Those Awards, a ‘Best Site’, and some META tag fun optimisation

I swore that I wouldn’t mention those awards again (see, I kept my word :mrgreen:), but this post has led to a rather large amount of traffic.

It appears that many people are hitting Red Cardinal off searches for “moviestar”. Here’s a quick screen shot of the Google results for that term:

Google search for moviestar

(You’ll have to take my word for it when I say that my post ranked #2 for that search for a long time. I’m now at #5. Oh, and while I’m at it, I’ve no idea why www.beingthere.com/ is returned at the current #2? And one more thing, does anyone else find that ‘Movistar’ suggested listings in the middle useful?)

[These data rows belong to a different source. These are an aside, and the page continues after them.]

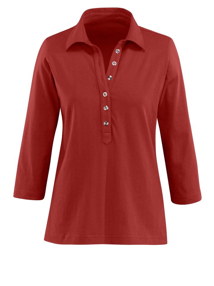 Мягкая качественная рубашка поло. Модная длинная планка с серебристыми пуговицами. Рукава 3/4. Продукт сертифицирован OCS.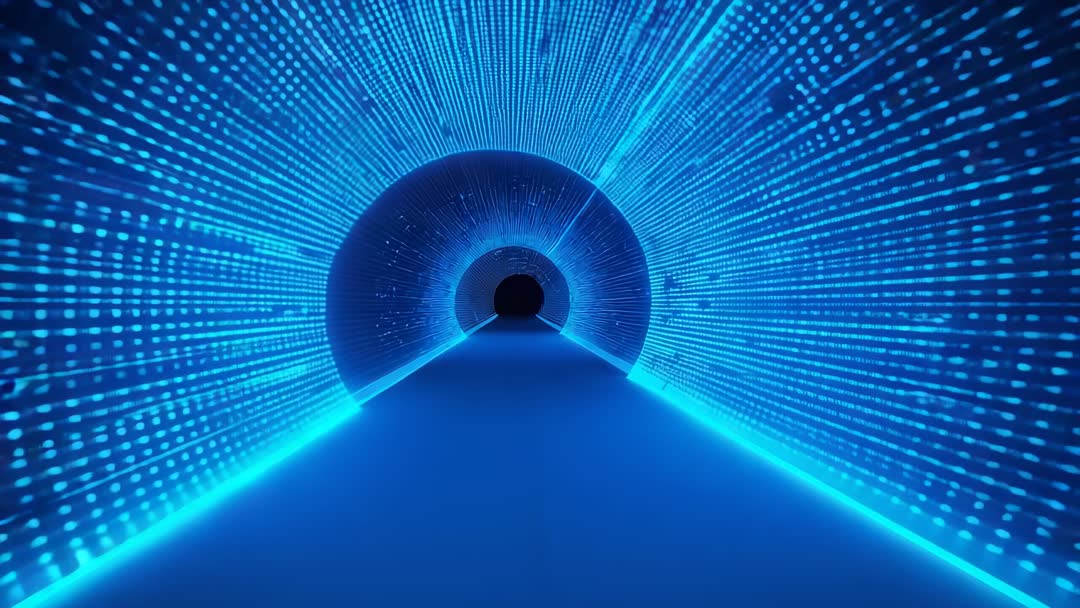 AI Generated Image. Showing camera traveling through neon-lit data tunnel toward dark aperture, creating dramatic depth and motion. Featuring rhythmic blue LED dots lining curved walls and glowing floor edges, evoking futuristic tech and cyberspace aesthetics. Working well for technology intros, product demos, corporate presentations, website hero banners, sci-fi trailers, live event visuals, social media video backgrounds. Serving as seamless loop or transition plate for motion design and VFX, offering strong potential for color grading and overlaying text and logos. Providing cinematic perspective for storytelling about speed, connectivity, data flow and virtual worlds.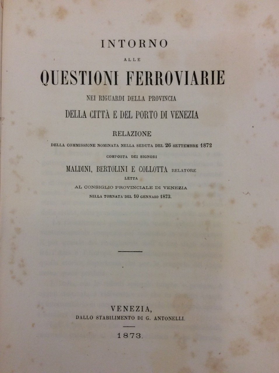 INTORNO ALLE QUESTIONI FERROVIARIE NEI RIGUARDI DELLA PROVINCIA, DELLA CITTA' E DEL PORTO DI VENEZIA. - Relazione della Commissione nominata nella seduta del 26 settembre 1872, letta al Consiglio Provinciale di Venezia nella tornata del 10 gennaio 1873.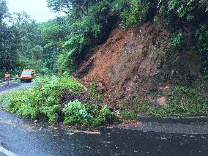 Plusieurs éboulements ont eu lieu, ce vendredi 28 septembre 2018 sur la RN3 à Plateau Boucher à Fonds Saint-Denis suite aux dernières pluies et au séisme de ce matin.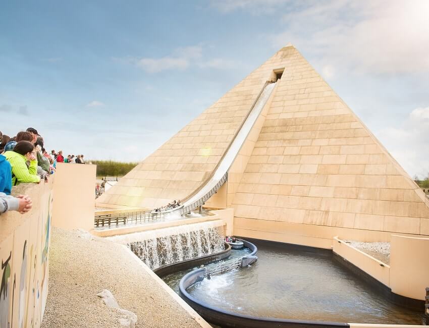 Nur wenige Schritte vom Schloss entfernt befindet sich das „Tal der Pharaonen“ mit unter anderem der Familienachterbahn „Cobra des Amun Ra“ sowie der Wildwasserbahn „Fluch des Pharao“ aus der 38 Meter hohen Pyramide.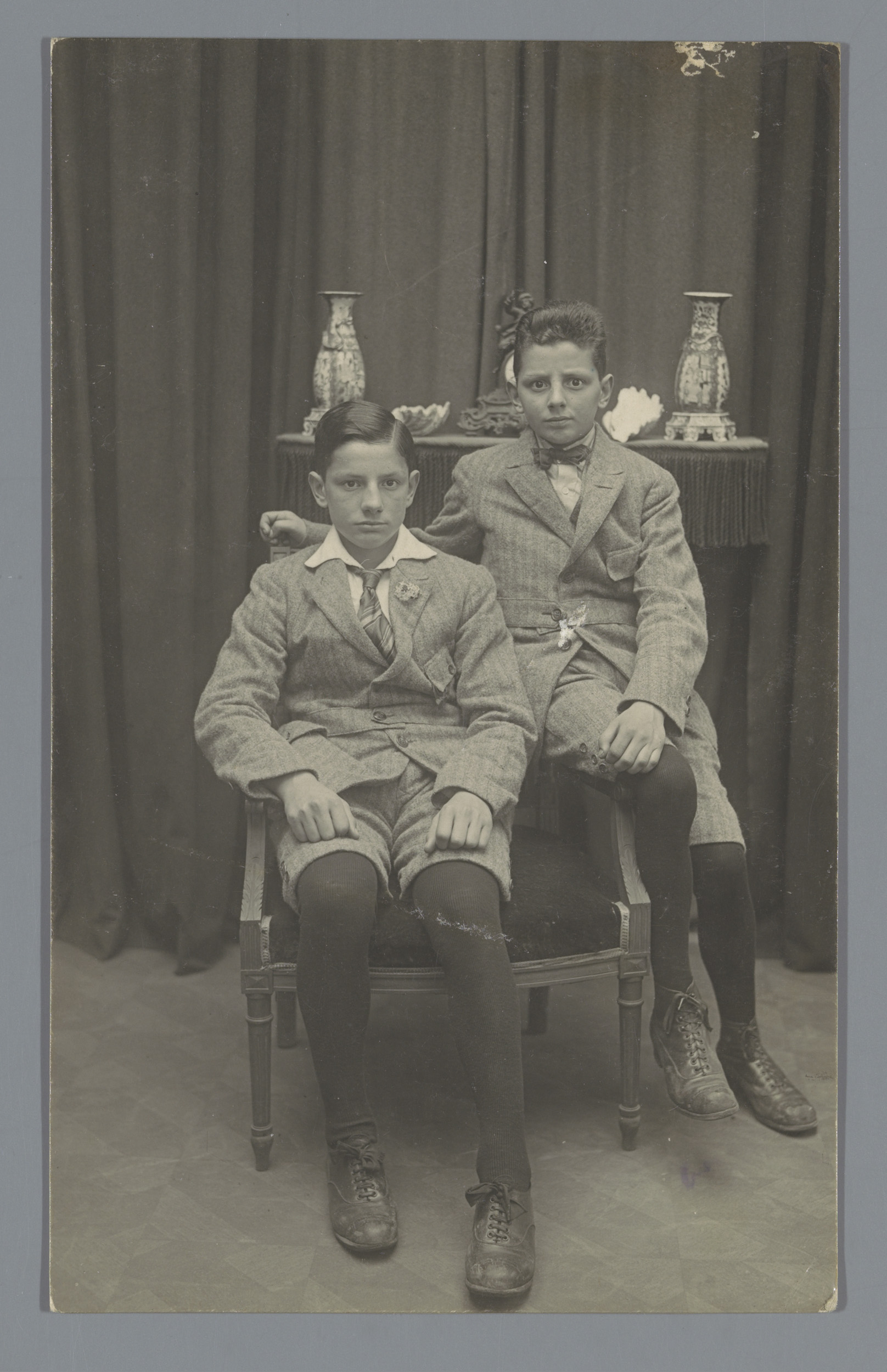 Portret van twee onbekende jongens, met op de achter...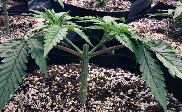На 6-й неделе продолжаю борьбу за идеальную крону и хороший урожай. Убираю второй и четвертый узел на каждой ветви и отсекаю верхушку. В итоге получается по 6 кол на каждой ветви и 12 в целом на кусте. Побеги я фиксирую по технике LST и стараюсь расположить их в горизонтальной плоскости.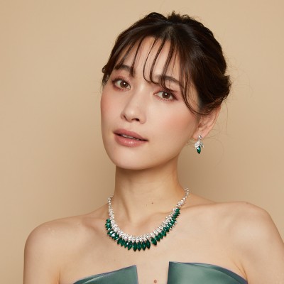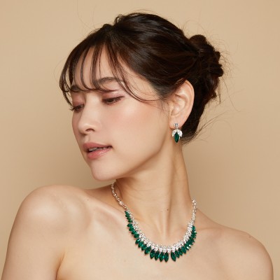 透明感あるエメラルドグリーンカラーのストーンが連なった、ネックレスピアスセット。ドレスカラーと合わせた個性的な着こなしがおすすめです。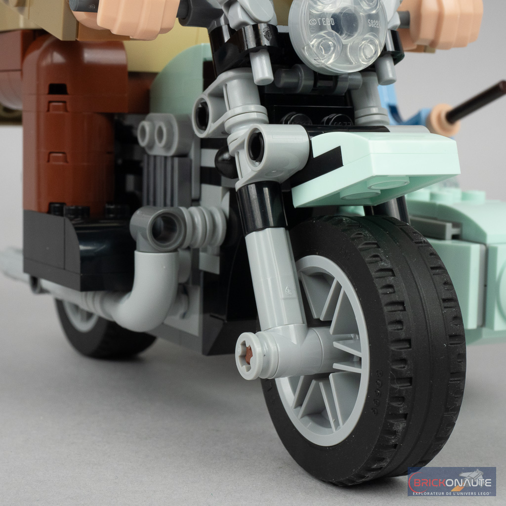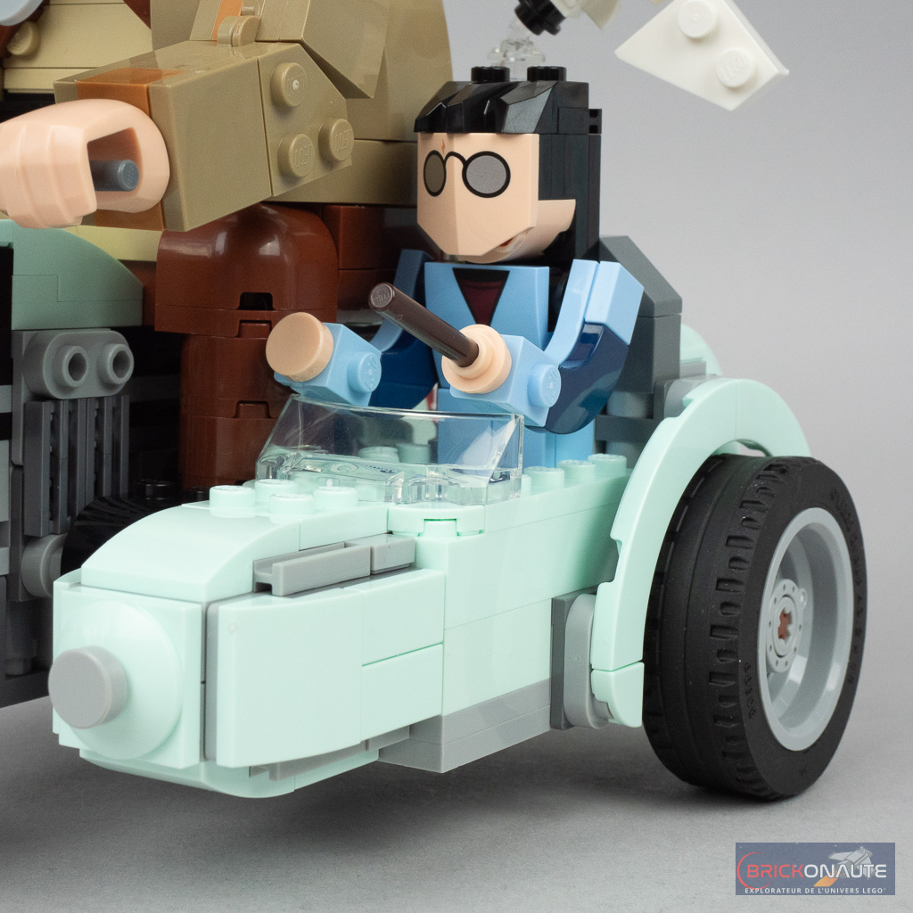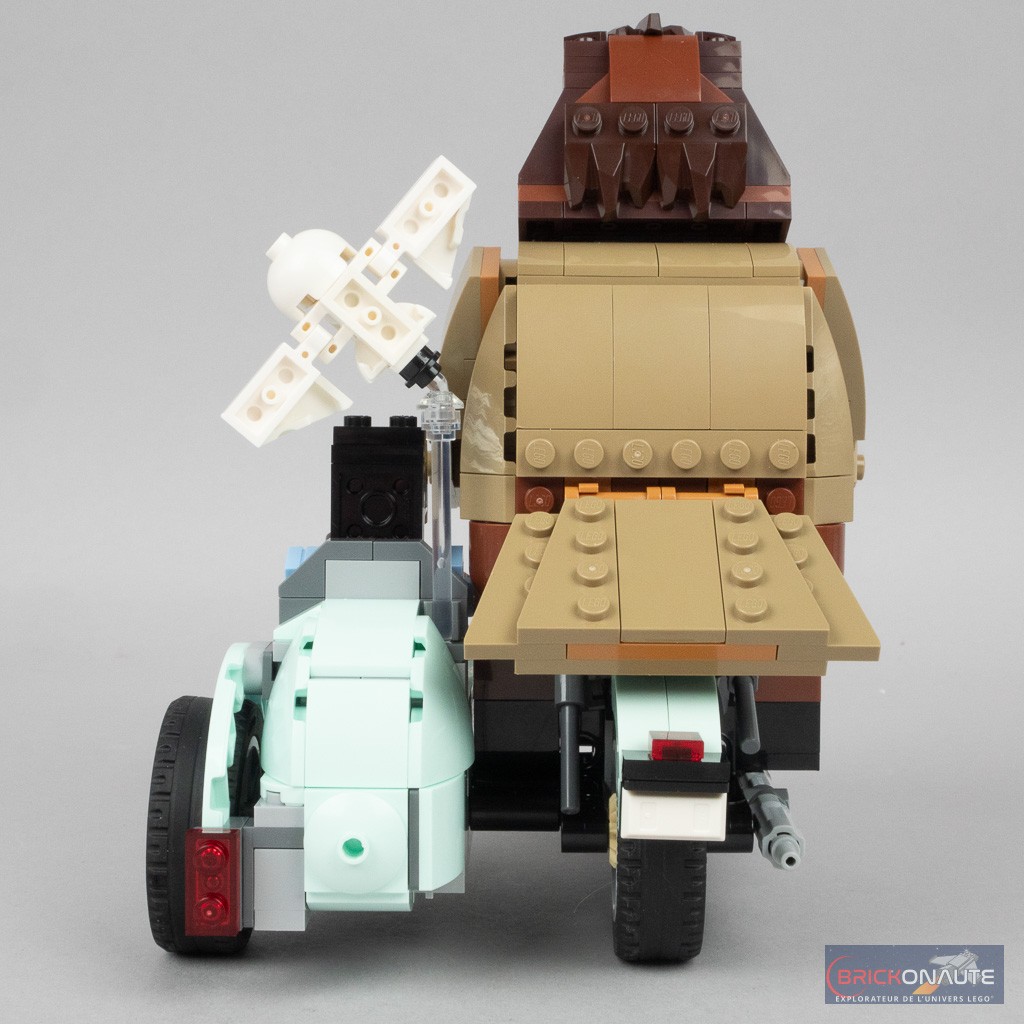 Le moins que l’on puisse dire c’est que ce set est « particulier ». Plutôt que de proposer une mise en scène habituelle basée sur des minifigs qui aurait nécessité une simplification extrême de la moto, tout en l’accompagnant, pourquoi pas, d’un ciel étoilé ou d’un morceau de ville microscale, LEGO nous propose une version brick built des personnages qui permet par ailleurs une meilleure représentation de la différence de taille entre ces derniers. L’impression de cet énorme personnage sur une moto qui semble bien trop petite pour lui est plutôt bien retranscrite.
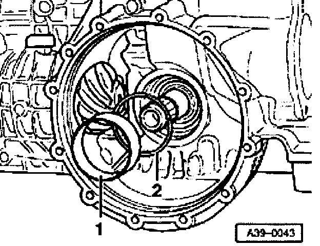 - Remove tapered roller bearing outer race -1- for differential and shim -2- (behind outer race) from transmission housing by hand.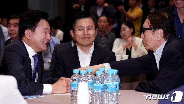 27일 오전 서울 중구 태평로 한국프레스센터 국제회의장에서 열린 대한민국 위기극복 대토론회에서 원희룡 제주도지사(왼쪽부터), 황교안 자유한국당 대표, 박찬종 전 의원이 대화를 나누고 있다. ‘야권통합과 혁신의 비전’을 주제로 한 이날 토론회는 종합토론 후 통합과 혁신을 위한 우리의 결의 선언문을 발표한다. 2019.8.27/뉴스1 © News1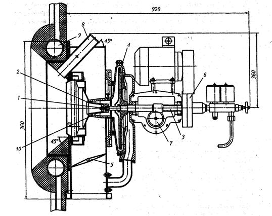 1 – форсунка; 2 – распыливающий стакан, 3 – полый вал; 4 – вентилятор первичного воздуха; 5 – шибер на воздуховоде вторичного воздуха; 6 – клиноременный привод форсунки; 7 – привод топливного насоса; 8 – гляделка; 9 – кольцевой газовый коллектор; питатель.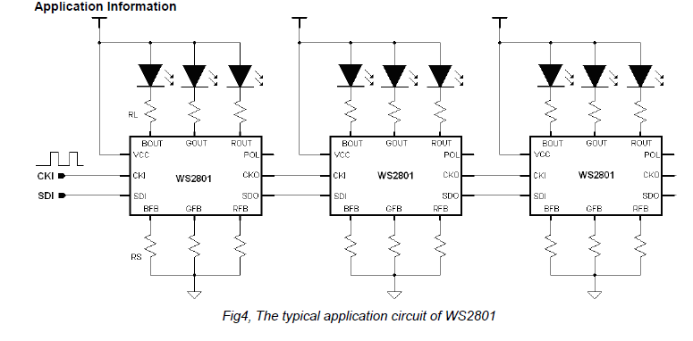 Beim WS2801 handelt es sich um einen speziellen IC, der für LED-Pixel-Anwendungen entwickelt wurde. Der Chip beinhaltet 3 Konstantstrom-Ausgänge für eine RGB-LED bis max. 50mA sowie Data- und Clock-Leitungen für die Kommunikation mit einem Controller. Es wird ein serielles Datenprotokoll verwendet, das z.B. auch von AVRs in eigenen Applikationen erzeugt werden kann. Es ist aber auch kompatibel mit dem hier im Shop erhältlichen Controller für digitale Stripes.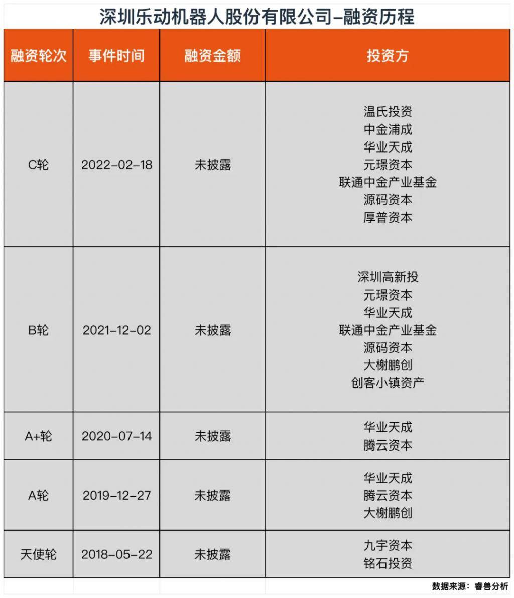 根据乐动机器人招股书,公司在发展进程中经历多轮融资,参与投资的机构包括华业天成、源码资本、元璟资本、联通中金、深圳市高新投、中金浦成、西藏万青等。
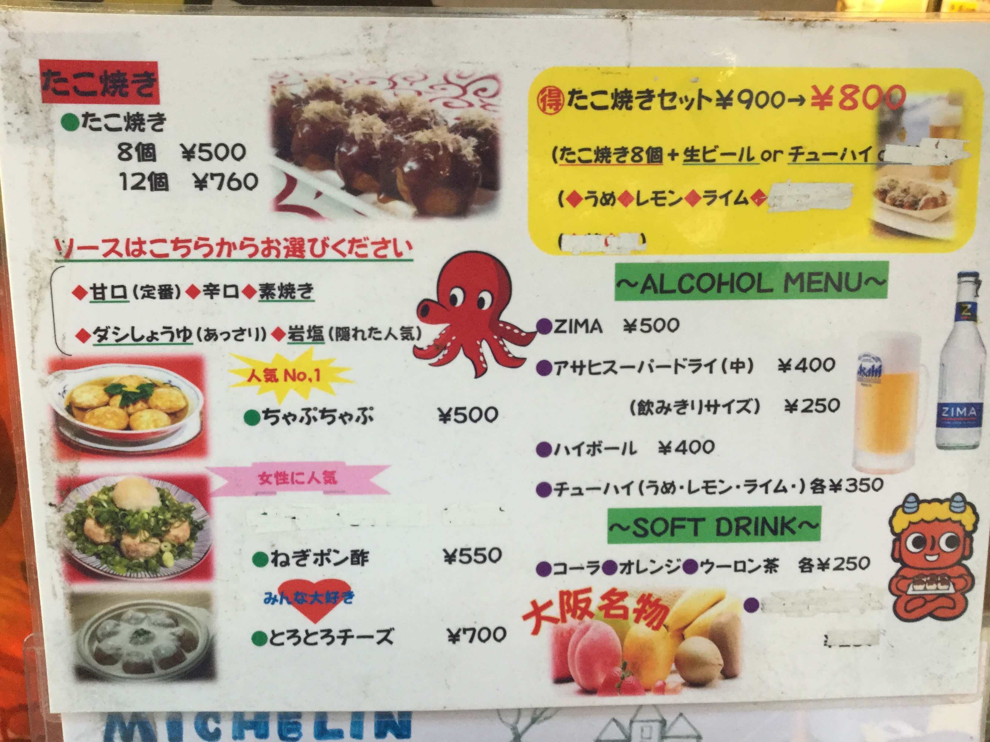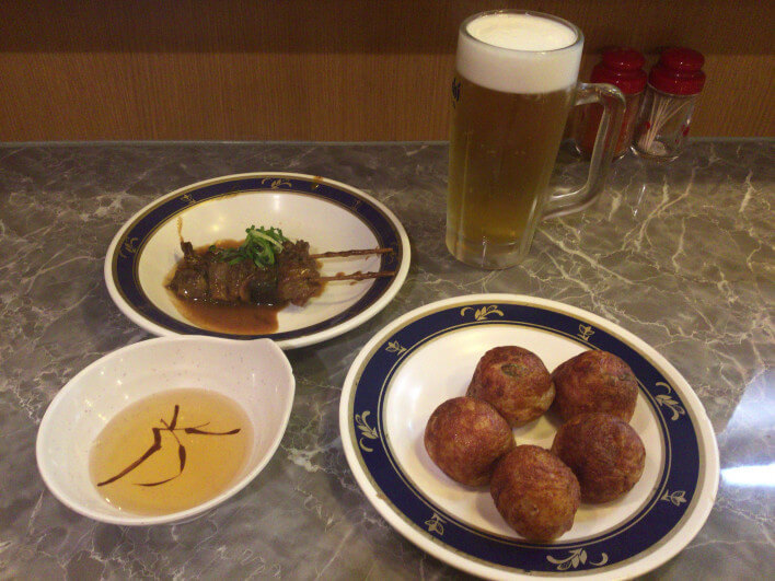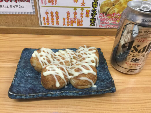 居酒屋メニューもたくさんあり安いチョイ飲みのお店というイメージがあるかもしれませんが意外とビールは高いです…ちなみにたこ焼きの他にはどて焼きも名物なので是非一緒にどうぞ!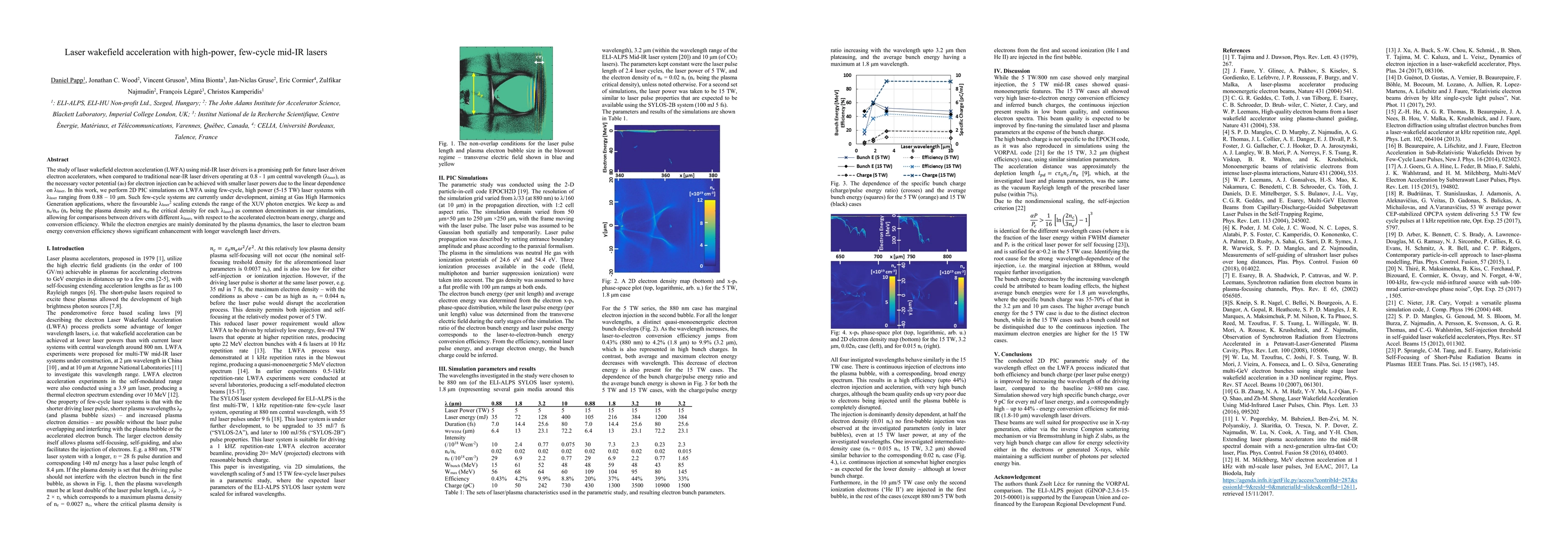 This research investigates laser wakefield electron acceleration (LWFA) using mid-IR laser drivers, demonstrating that they can achieve necessary vector potential with lower power compared to traditional near-IR lasers. Simulations show significant improvements in electron beam energy conversion efficiency with longer wavelength lasers, despite plasma dynamics primarily influencing electron energies.

Here’s a larger image of my blog post listing on that page:

Google snippet for Red Cardinal Moviestar post

When I wrote that post I was a little angry at said awards. So I gave the post a META description of “moviestar.ie is NOT the Best Website Launched in 2006″. And boy have I got some traffic from people searching for “moviestar”.

Meta Tag Optimization alive & well

First off, Meta Description tags have little or no ranking benefit. What content you stick in that tag wont make your site rank any higher (well, for Google anyway). But that tag can be hugely powerful for websites that do rank well. That’s because Google generally uses your META Description for the snippet underneath your page URL in the SERPs (Search Engine Results Pages).

When you think about your META description tags, you should think of them in terms of getting click throughs, not ranking.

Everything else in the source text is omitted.